Collected data

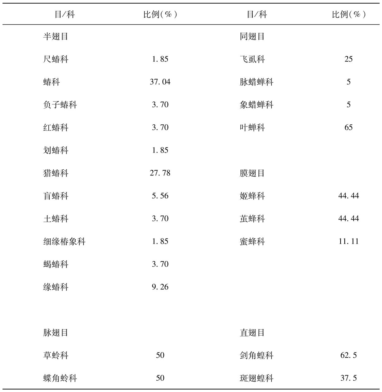 表2 灯下昆虫半翅目、脉翅目、膜翅目、同翅目和直翅目中各科所占的比例
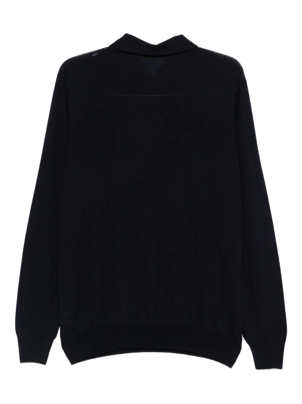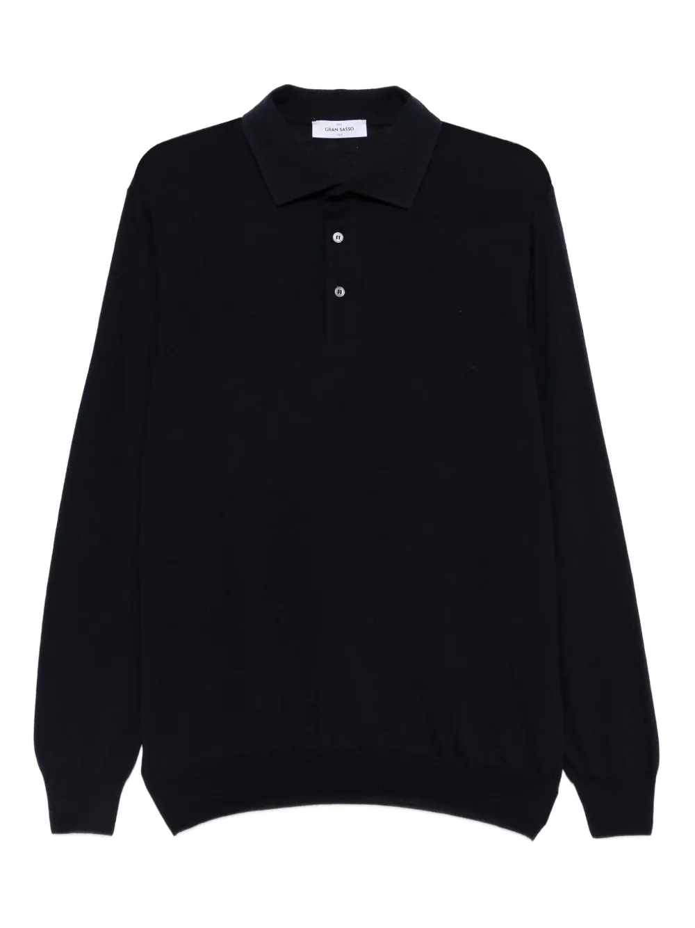 Pulover Polo Gran Sasso Virgin Wool bleumarin, din lana premium, cu guler polo, inchidere partiala cu nasturi, maneci lungi, mansete si tiv ribbed. Potrivit pentru sezonul toamna/iarna. 100% lana.
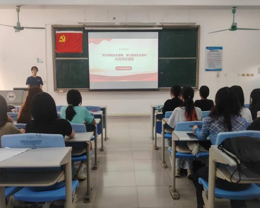 为贯彻习近平总书记关于网络强国建设的主要思想指导,树立正确网络安全观,精准把握网络安全与国家安全的紧密关系,切实提升各位党员以及入党积极分子的网络防范技能,树立底线思维,强化政治意识和大局意识,太阳成集团tyc7111学生第四党支部于2025年9月26日下午在5教204教室开展以“筑牢网络安全屏障,践行国家安全使命”为主题的党日活动。
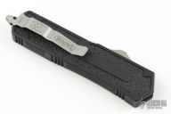 This Scarab OTF automatic by Microtech knives has a bead blast finished double edge partially serrated blade. The handle has a black aluminum frame with non-slip inlays, bead blasted stainless steel clip, bead blasted hardware and glass breaker. Dated 09/2012 and s/n 05500. Excellent condition. Comes with original sheath, and a Microtech box for a different Scarab (175-3T), and the papers.
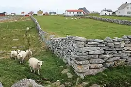 The village of Røstlandet is a fishing village that covers the southeastern part of the island. Røst Airport is located on the northern part of the island. Røst Church is located in the village. The remaining uninhabited parts of the island are dominated by sheep farming and racks for drying fish.
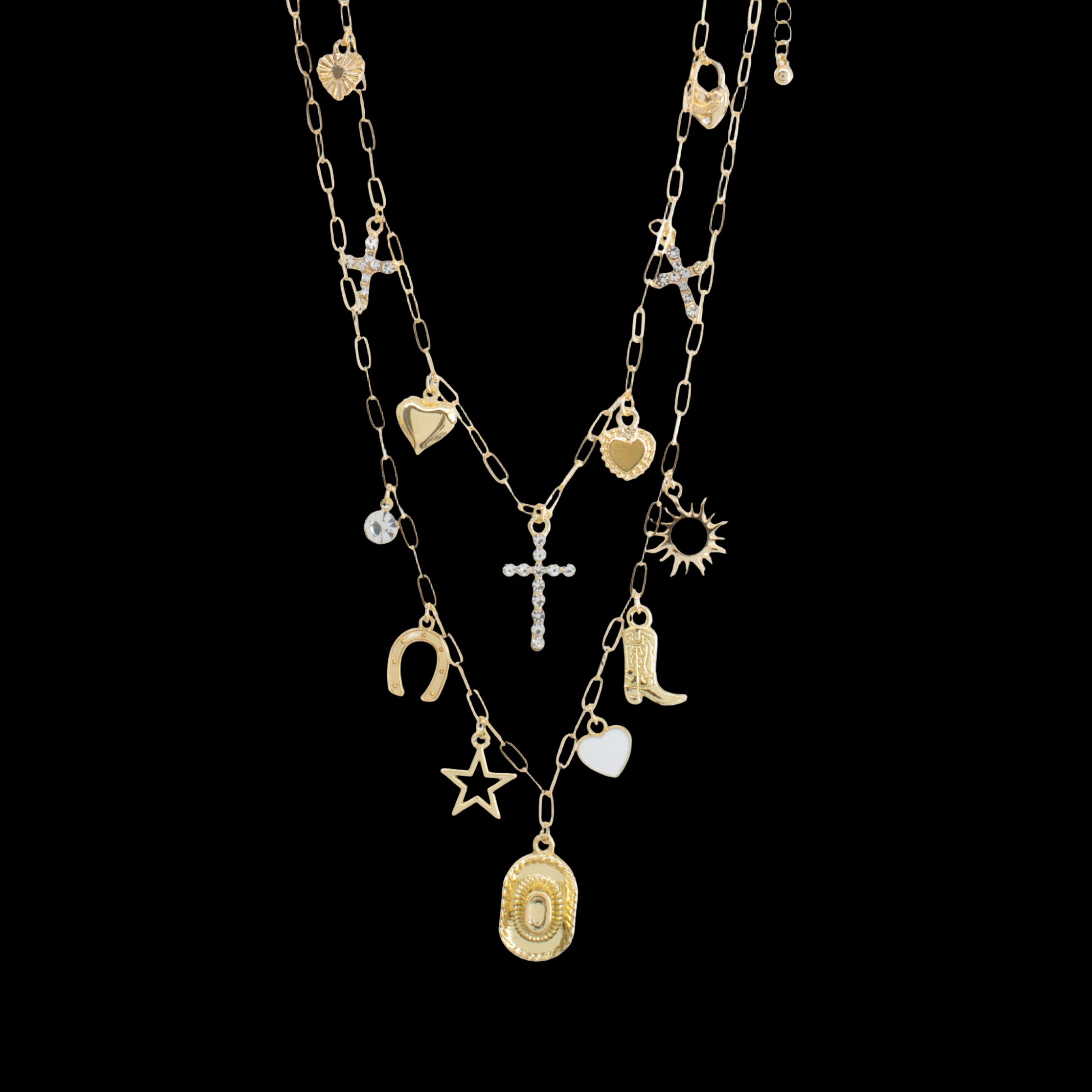 This layered necklace features gold chains adorned with assorted charms including a cross, hearts, cowboy boot, star, horseshoe, and sun. Playful yet chic.
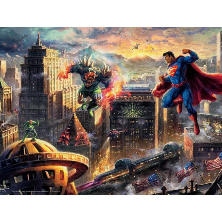 This 1000 piece puzzle features a Thomas Kinkade painting of the superhero, Superman, from the DC Comics world. In Superman – Man of Steel, the last son of Krypton meets his two greatest enemies Doomsday and Lex Luther, who can be seen standing on top of The Daily Planet with his vengeful fist raised in the air.
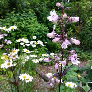 葉の色も素敵なペンステモン ハスカーレッドが咲いています🌿✨ 白いフランス菊と一緒のローメンテコーナー🤭
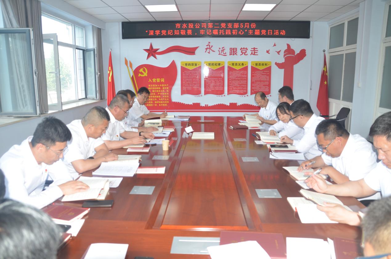 按照市水投公司黨委統(tǒng)一部署要求,第二黨支部于2024年5月6日下午開(kāi)展了“深學(xué)黨紀(jì)知敬畏 牢記囑托踐初心”主題黨日活動(dòng),支部全體黨員、積極分子參加會(huì)議,支部書(shū)記吳爭(zhēng)兵主持會(huì)議。市水投公司黨委委員,副總經(jīng)理范永勝參加支部主題黨日活動(dòng)。
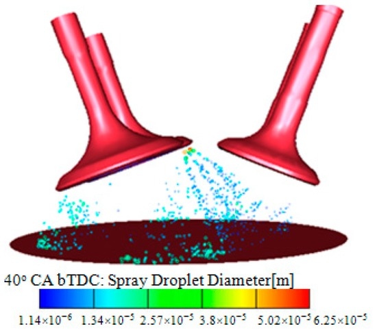 For the average surface temperature of the piston crown and cylinder liner, the quick decrease in the temperature value was realized at 40° CA bTDC, and was earlier than that of the combustion chamber and exhaust valves. This is because the fuel sprayed impinges the piston crown and the cylinder liner. Figure 14 illustrates the fuel spray cloud at 40° CA bTDC.
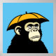 Image amusante d'un chimpanzé portant un casquette parapluie.
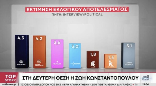 Στην δεύτερη θέση με ποσοστό 15,2% βρίσκεται το κόμμα της Ζωής Κωνσταντοπούλου Πλεύση Ελευθερίας σύμφωνα με την νέα δημοσκόπηση της Interview για την εφημερίδα Political.
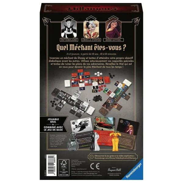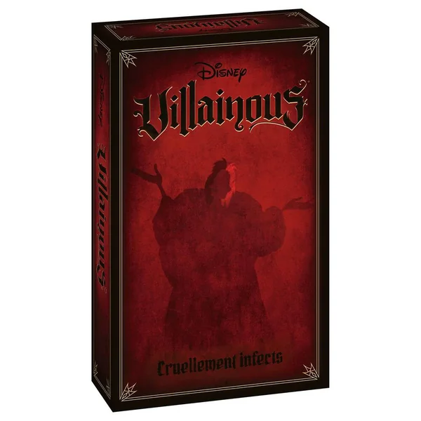 Entrez dans la peau de 3 nouveaux Méchants Disney : Cruella des 101 dalmatiens, Mère Gothel de Raiponce et Pat Hibulaire un classique des méchants disney. Suivez votre propre objectif diabolique pour gagner le titre de pireméchant de tous les temps ! Pour y parvenir, utilisez astucieusement vos capacités spéciales et tentez de ruinez les plans de vos adversaires. Car ce n’est qu’en dictant avec succès vos règles aux héros de Disney que vous pourrez espérer une fin… malheureuse ! Découvrez 3 nouveaux personnages, soit 3 nouveaux objectifs et 3 nouvelles manières de jouer pour devenir le plus grand méchant Disney : – Cruella d’Enfer usera des pires ruses pour récupérer 99 chiots et s’en faire un manteau – Mère Gothel tentera d’empêcher Raiponce de retourner à Corona en gagnant sa confiance – Pat Hibulaire devra réaliser non pas 1 mais 4 objectifs pour devenir le plus grand Méchant de Disney !Utilisez astucieusement vos capacités spéciales et tentez de ruiner les plans de vos adversaires. Cette extension de Villainous, le jeu le plus diabolique de l’année, est jouable avec ou sans le jeu de base. Réveillez le Mal qui est en vous et devenez le pire Méchant de tous les temps ! Dès 10 ans.
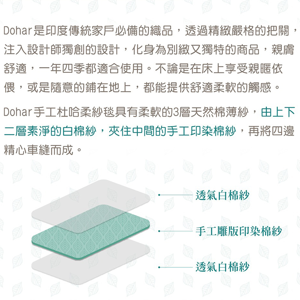 ● 承襲古老印染技術,每件都純手工壓印,沒有一件Dohar一模一樣,真正獨一無二。
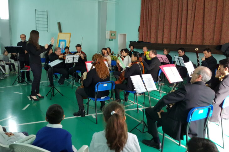 Grazie alla straordinaria competenza e alla bravura dei musicisti dell’Associazione “Amici della Musica”, i nostri alunni sono stati coinvolti in un laboratorio musicale curato dall’ins. Mariagrazia Cappelluti, propedeutico alla conoscenza e alla costruzione della fiaba musicale “Pierino e il lupo” del compositore russo Sergej Prokofiev. In seguito, sono rimasti letteralmente incantati dall’ascolto del concerto dal vivo, diretto dalla giovanissima Mimma Campanale e dalla narrazione animata del maestro Pino Barile. Tutto sapientemente coordinato dall’insegnante Nadia Zifarelli.[/vc_column_text][vc_empty_space][vc_gallery type=”image_grid” images=”4835,4837,4838,4836,4840,4841,4843,4844,4847,4848,4849,4857,4858,4859,4860,4861,4862,4863,4864,4865,4866,4867,4868,4869,4870,4871,4872″ column_number=”5″ grayscale=”no” images_space=”gallery_with_space” css=”.vc_custom_1577786001139{border-bottom-width: 5px !important;padding-bottom: 10px !important;}”][vc_empty_space][/vc_column][/vc_row]

PROMPT:
Copy every line of the data exactly as written, excluding the pictures.

EXPECTED ANSWER:
 表2 灯下昆虫半翅目、脉翅目、膜翅目、同翅目和直翅目中各科所占的比例
 Pulover Polo Gran Sasso Virgin Wool bleumarin, din lana premium, cu guler polo, inchidere partiala cu nasturi, maneci lungi, mansete si tiv ribbed. Potrivit pentru sezonul toamna/iarna. 100% lana.
 为贯彻习近平总书记关于网络强国建设的主要思想指导,树立正确网络安全观,精准把握网络安全与国家安全的紧密关系,切实提升各位党员以及入党积极分子的网络防范技能,树立底线思维,强化政治意识和大局意识,太阳成集团tyc7111学生第四党支部于2025年9月26日下午在5教204教室开展以“筑牢网络安全屏障,践行国家安全使命”为主题的党日活动。
 This Scarab OTF automatic by Microtech knives has a bead blast finished double edge partially serrated blade. The handle has a black aluminum frame with non-slip inlays, bead blasted stainless steel clip, bead blasted hardware and glass breaker. Dated 09/2012 and s/n 05500. Excellent condition. Comes with original sheath, and a Microtech box for a different Scarab (175-3T), and the papers.
 The village of Røstlandet is a fishing village that covers the southeastern part of the island. Røst Airport is located on the northern part of the island. Røst Church is located in the village. The remaining uninhabited parts of the island are dominated by sheep farming and racks for drying fish.
 This layered necklace features gold chains adorned with assorted charms including a cross, hearts, cowboy boot, star, horseshoe, and sun. Playful yet chic.
 This 1000 piece puzzle features a Thomas Kinkade painting of the superhero, Superman, from the DC Comics world. In Superman – Man of Steel, the last son of Krypton meets his two greatest enemies Doomsday and Lex Luther, who can be seen standing on top of The Daily Planet with his vengeful fist raised in the air.
 葉の色も素敵なペンステモン ハスカーレッドが咲いています🌿✨ 白いフランス菊と一緒のローメンテコーナー🤭
 按照市水投公司黨委統(tǒng)一部署要求,第二黨支部于2024年5月6日下午開(kāi)展了“深學(xué)黨紀(jì)知敬畏 牢記囑托踐初心”主題黨日活動(dòng),支部全體黨員、積極分子參加會(huì)議,支部書(shū)記吳爭(zhēng)兵主持會(huì)議。市水投公司黨委委員,副總經(jīng)理范永勝參加支部主題黨日活動(dòng)。
 For the average surface temperature of the piston crown and cylinder liner, the quick decrease in the temperature value was realized at 40° CA bTDC, and was earlier than that of the combustion chamber and exhaust valves. This is because the fuel sprayed impinges the piston crown and the cylinder liner. Figure 14 illustrates the fuel spray cloud at 40° CA bTDC.
 Image amusante d'un chimpanzé portant un casquette parapluie.
 Στην δεύτερη θέση με ποσοστό 15,2% βρίσκεται το κόμμα της Ζωής Κωνσταντοπούλου Πλεύση Ελευθερίας σύμφωνα με την νέα δημοσκόπηση της Interview για την εφημερίδα Political.
 Entrez dans la peau de 3 nouveaux Méchants Disney : Cruella des 101 dalmatiens, Mère Gothel de Raiponce et Pat Hibulaire un classique des méchants disney. Suivez votre propre objectif diabolique pour gagner le titre de pireméchant de tous les temps ! Pour y parvenir, utilisez astucieusement vos capacités spéciales et tentez de ruinez les plans de vos adversaires. Car ce n’est qu’en dictant avec succès vos règles aux héros de Disney que vous pourrez espérer une fin… malheureuse ! Découvrez 3 nouveaux personnages, soit 3 nouveaux objectifs et 3 nouvelles manières de jouer pour devenir le plus grand méchant Disney : – Cruella d’Enfer usera des pires ruses pour récupérer 99 chiots et s’en faire un manteau – Mère Gothel tentera d’empêcher Raiponce de retourner à Corona en gagnant sa confiance – Pat Hibulaire devra réaliser non pas 1 mais 4 objectifs pour devenir le plus grand Méchant de Disney !Utilisez astucieusement vos capacités spéciales et tentez de ruiner les plans de vos adversaires. Cette extension de Villainous, le jeu le plus diabolique de l’année, est jouable avec ou sans le jeu de base. Réveillez le Mal qui est en vous et devenez le pire Méchant de tous les temps ! Dès 10 ans.
 ● 承襲古老印染技術,每件都純手工壓印,沒有一件Dohar一模一樣,真正獨一無二。
 Grazie alla straordinaria competenza e alla bravura dei musicisti dell’Associazione “Amici della Musica”, i nostri alunni sono stati coinvolti in un laboratorio musicale curato dall’ins. Mariagrazia Cappelluti, propedeutico alla conoscenza e alla costruzione della fiaba musicale “Pierino e il lupo” del compositore russo Sergej Prokofiev. In seguito, sono rimasti letteralmente incantati dall’ascolto del concerto dal vivo, diretto dalla giovanissima Mimma Campanale e dalla narrazione animata del maestro Pino Barile. Tutto sapientemente coordinato dall’insegnante Nadia Zifarelli.[/vc_column_text][vc_empty_space][vc_gallery type=”image_grid” images=”4835,4837,4838,4836,4840,4841,4843,4844,4847,4848,4849,4857,4858,4859,4860,4861,4862,4863,4864,4865,4866,4867,4868,4869,4870,4871,4872″ column_number=”5″ grayscale=”no” images_space=”gallery_with_space” css=”.vc_custom_1577786001139{border-bottom-width: 5px !important;padding-bottom: 10px !important;}”][vc_empty_space][/vc_column][/vc_row]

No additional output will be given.